Greens tie-up left ALP faithful out in cold

TheAustralian

TASMANIA'S great power-sharing experiment succeeded in delivering stable government, but also in taking the ALP to the brink of electoral oblivion.

The arrangement kept Labor in power for another four years, following the election of a hung parliament in March 2010, and produced a remarkable level of co-operation between Labor and the Greens.

Spats have been managed and despite budget cuts, pulp mills and forestry, the Greens controlled their natural urges to prove they can be part of hard and unpopular decisions.

Less than a year ago, Labor Premier Lara Giddings said she would "absolutely" have Greens back in her cabinet.

Even yesterday, after Giddings called Nick McKim and Cassy O'Connor into her office to sack them, there was a remarkable absence of rancour.

"No hard feelings, guys," said O'Connor, in a public farewell to Giddings and her deputy, Bryan Green.

Giddings, too, said she was "proud" of some of the achievements of her Greens ministers, singling out O'Connor's role as Human Services Minister in reducing public housing waiting lists.

So what went so wrong?
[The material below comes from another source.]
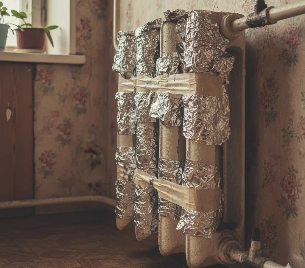 - Зазор — это важно: Между фольгой и задней поверхностью радиатора должно оставаться хотя бы 2–3 сантиметра пространства. Если наклеить фольгу вплотную к батарее, эффект отражения исчезнет, останется только теплопроводность.

The problem for Giddings was that she failed to bring Labor's faithful along for the power-sharing ride.

The cross-party meetings may have been going on swimmingly in Hobart's Executive Building, but the vibe never permeated down to the traditional blue-collar Labor voters in unfashionable suburbs and struggling country towns.

All they could see was the disappearance of their livelihoods in manufacturing and forestry, something they rightly or wrongly blamed on the people sharing the plush ministerial seats with Giddings et al.

Stable government is a fine thing, but it means nothing if you can't earn a wage.

Giddings was reluctant to admit defeat on the alliance, but as the opinion polls worsened - Labor slumped to just 22 per cent - the party's rank and file, union leaders and eventually parliamentary caucus realised something had to give.

Whether the jilted Labor faithful can be wooed back to the fold is doubtful. But Labor believes the strategy combined with an anti-Abbott scare campaign is its only chance of avoiding an electoral bloodbath.